Space came cheap in the Sentier, the hub of the wholesale rag trade and of the flesh trade. In the entire Sentier, green space scarcely existed. Six trees in Place du Caire, a spreading plane tree in square Bidault, and several struggling saplings in the Place Ste-Foy were the most notable exceptions.

The driver let her off on crowded rue Saint Denis, the medieval route to the royal tombs. Traffic had ground to a standstill. The knock of a stalled diesel truck and its exhaust fumes permeated the narrow street.

Dilapidated hotel particuliers, once home to the Marquise de Pompadour, Josephine Bonaparte, and Madame du Barry, had been turned into fabric warehouses. Hookers kept the rent down in the old stomping grounds of Irma la Douce. But that was what attracted the start-ups. Urban decay with a new meaning, Aimee thought.

A dense haze of heat flickered in the late summer afternoon, lit by the still shining sun. She found Michel’s place on rue du Sentier between Paris Hydro, a plumbing shop, and Tissus Arnaud, a fabric store. A welcome chill radiated from the limestone. Inside the seventeenth-century hotel particulier, across from Mozart’s former residence, Aimee rubbed the goose bumps on her arms.

The smell of sawdust and mold rose from the floor. Watermarked walls supported a high ceiling whose paint was peeling in the cavernous foyer.

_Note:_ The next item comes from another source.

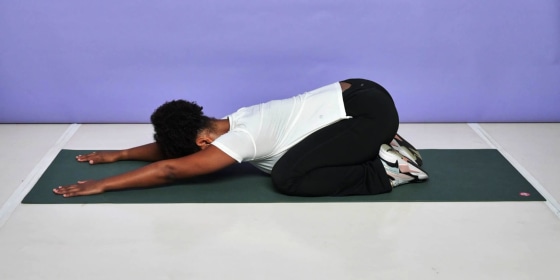 Begin with your hands and knees on the floor. Spread your knees so that your legs are apart, but keep your toes together so that your calves form a “V” shape. With your spine straight, reach your arms forward past your head so that your chest is in between your thighs. Remain in this position for 30 seconds, remembering to take deep breaths.

The tall door stood ajar. Peering inside, she saw expensive state-of-the-art computer monitors on makeshift shelves. Cartons labeled tissus en gros were piled against the window. Remnants of antique industrial sewing machines for punching holes in leather sat by rusted metal clothing racks.

Michel Mamou was reaching high above him for the old gas line on the wall. He balanced on a sawhorse straddled over a three-legged table and a bench. His head just missed the old hanging light fixture.

Ca va, Michel?” she asked.

“After I cap the gas, I’ll feel happy,” Michel grinned.

“Michel, I need a favor.”

Michel’s black-framed glasses under his wool cap pulled low didn’t hide his pink eyes. Or his white eyelashes.